Now, I live in central Florida and it we are preparing for Dorian, a storm that has me terrified. With too many horses to evacuate, we are in full prep mode. Three days of non-stop already with three days left until we have three days of storm. My sympathetic nervous system is in over-drive and I can’t seem to find that place of normal right now. Worry is my thing. I worry about everything. As tired as I am, I am having trouble sleeping. It’s the worry. Repetitive note taking of things to check and then double check. Lists everywhere. Constant scanning of the property mentally to make sure I haven’t missed anything. Do you know how many things there are lying around a farm that you have to pick up? Countless! Testing the generators, hay, shavings, grain, and water buckets. After the horse food is secure, then people food. And then gasoline. I learned the gasoline problem during Irene, the year before Sandy, when we lived in New York. It is not just that they run out of gas, but the stations lose power, too, and then the pumps don’t work. Yesterday, days before Dorian will arrive, I had to drive twenty miles north to find a gas station that still had gas. Who knows how many days we will be without power so gasoline is important. Panic is like a blanket covering Florida right now and we are all a hot mess.
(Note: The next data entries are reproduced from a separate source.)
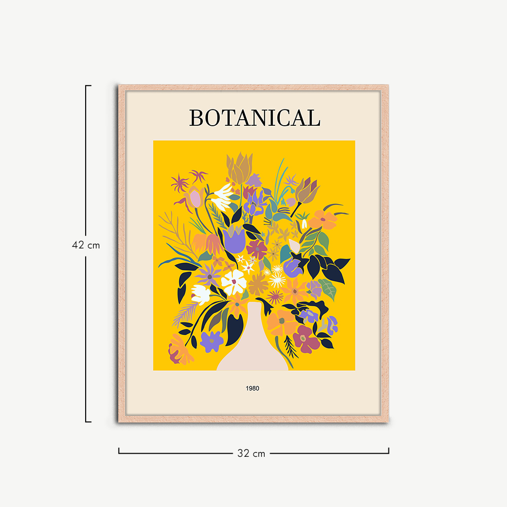 The Botanical Wall Art features a natural beechwood frame, known for its durability and natural beauty. This wooden frame enhances the artwork by adding depth and dimension, making it a true focal point in your interior space.
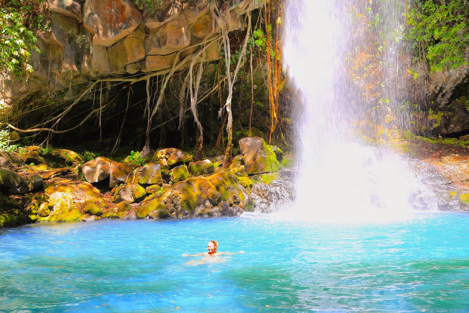 Une fois sur les énormes rochers qui bordent le minuscule lac, j’hésite à sortir mon appareil photo ou à enfiler mon maillot de bain. Adèle a vite choisi et va tester l’eau la plus fraîche qu’on ait jamais rencontrée au Costa Rica. Elle est également ultra transparente et on distingue aisément le fond du bassin.
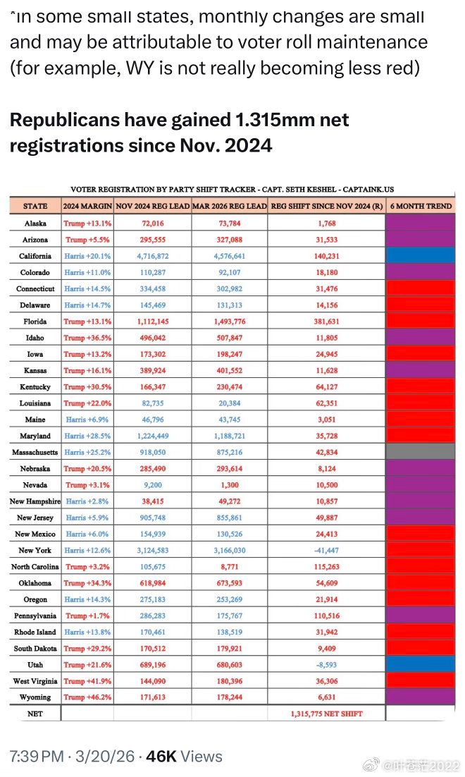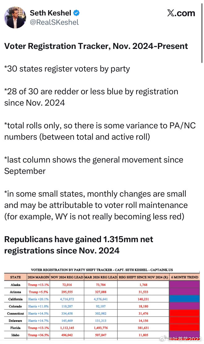 自2024年11月以来,共和党净增登记选民131.5万人。
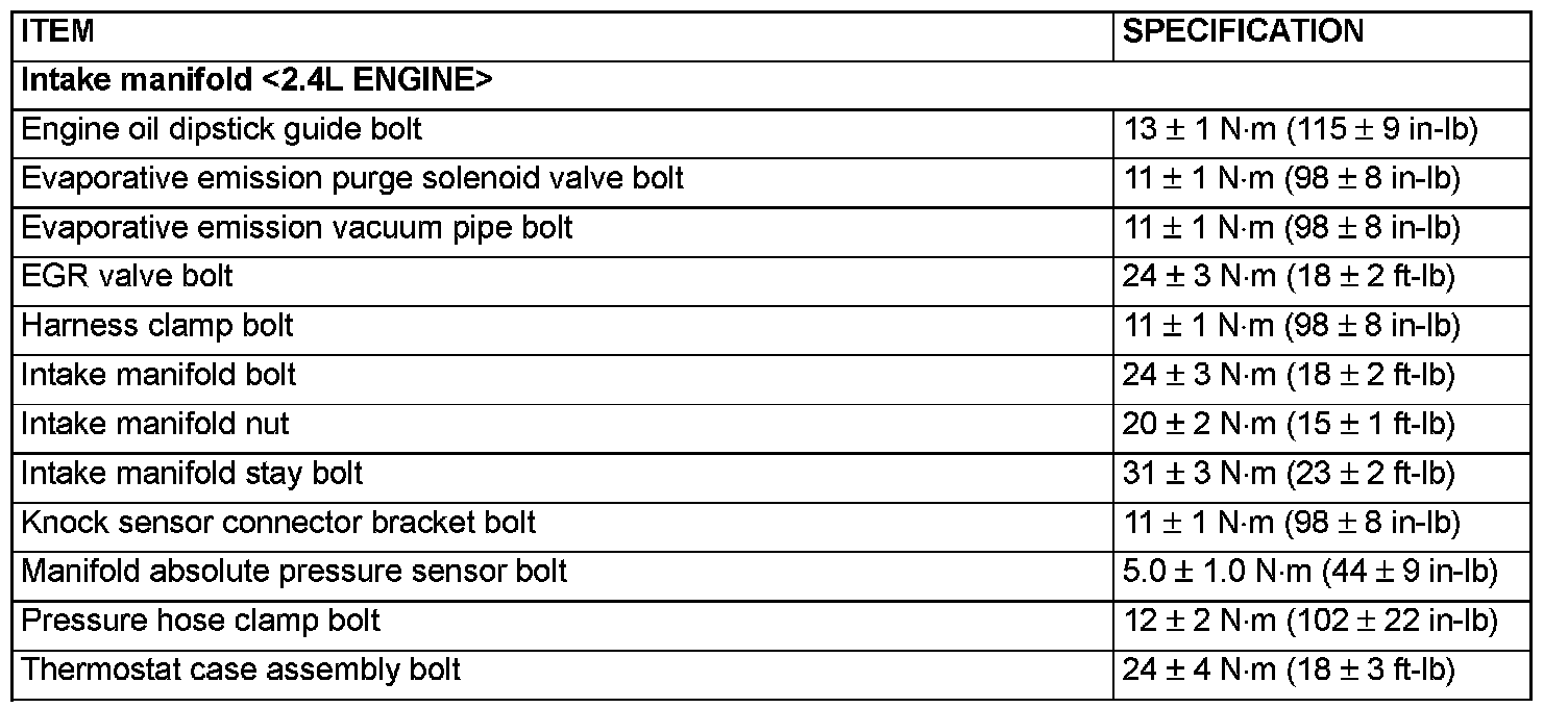 Intake Manifold - Fastener Tightening Specifications:
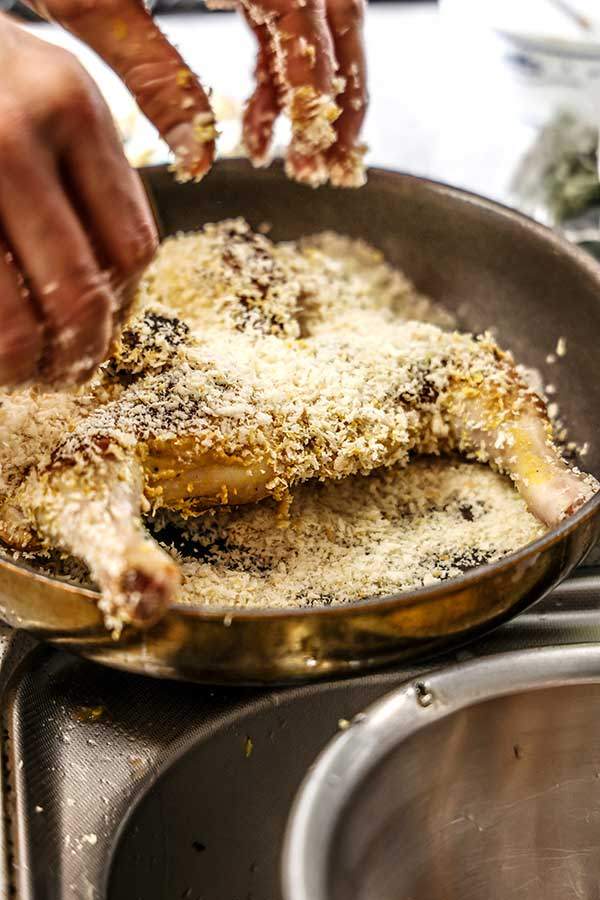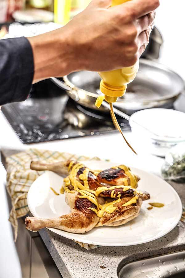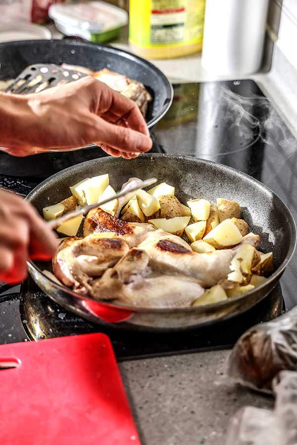 닭 전체가 들어갈 만한 크기의 팬에 식용유를 넉넉히 두르고 뼈 부분부터 열을 가하다가 뒤집어 살을 익힌다. 기름에 버터 한 수저를 넣고 허벅다리와 두꺼운 가슴살 주변에 끼얹어 가며 15분 정도 익힌다. 한 번에 익히려고 하지 말고 3분의 1 정도 익었을 때 꺼내 10분 이상 쿠킹 호일을 덮어 레스팅을 시킨다.
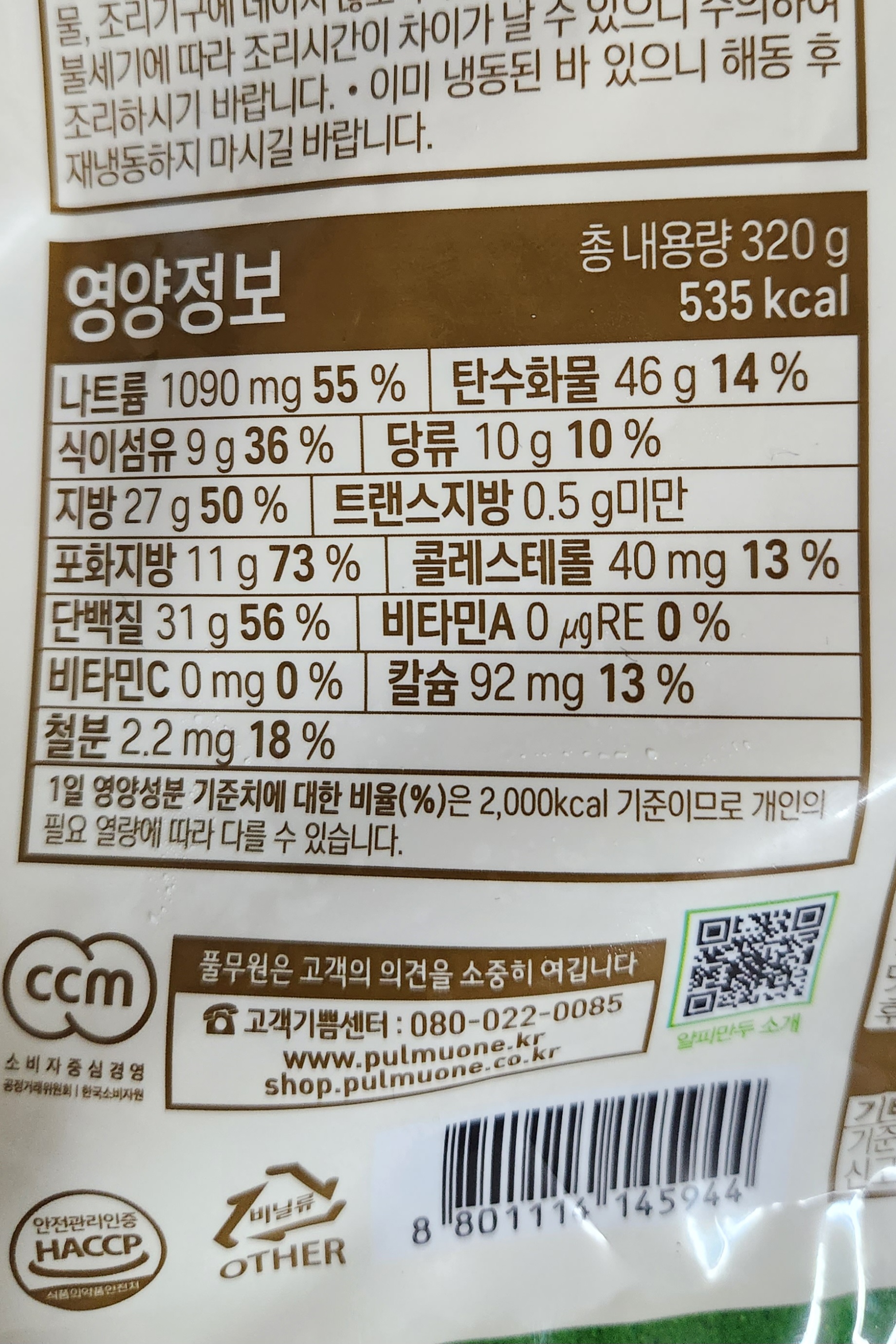 내용량은 320g, 한 봉지 총 칼로리는 535kcal.

I helped a man hoist a heavy generator into the back of his car yesterday. His wife was shaking and nearly toppled us all over. She needed to breathe and wasn’t, forcing even more blood to shunt from her brain and increase her panic. I made a joke, a stupid one I can’t even remember now, but it made her laugh and then made her breathe. She smiled as she fought the tears of fear, making my mirror image visible in reply. We are all afraid and need to stick together. I remember Irma two years ago and it was the same. Prepare, prepare, prepare, and then hold on. The noise is incredible followed by the intense silence as the eye of the storm floats over, and then the noise resumes in the opposite direction.
I try to keep my mind “right,” focusing on what I can control and what I need to do. It is a battleground, my mind, with fear and the unknown drawing a massive sword against my lists and notes scattered all over the place. Scattered is how I feel but I can’t let that take over or I will miss an important detail. I don’t think I could count the number of deep breaths I have taken this week. I am aware that my baseline of emotional functioning has moved up from normal, and I am in a hyper mode. Intellectually, I understand the energetic cost but have no power over it. This is survival mode and I hope my “training” has me prepared. It is fascinating to watch myself and my threat-filled reactions. It is incredible to feel the constant pit in my stomach from worry, know it is there, and not be able to make it go away. Preparation is my go-to, yet, it feels like a band aid on a gaping wound. Recovering from moment to moment, hour to hour, and day to day is a large part of my focus. Eat, drink, rest, laugh, and sleep. Keep the body as energized as possible to be able to stay as present as possible and do what needs to be done. it is a fabulous exercise in being in the moment.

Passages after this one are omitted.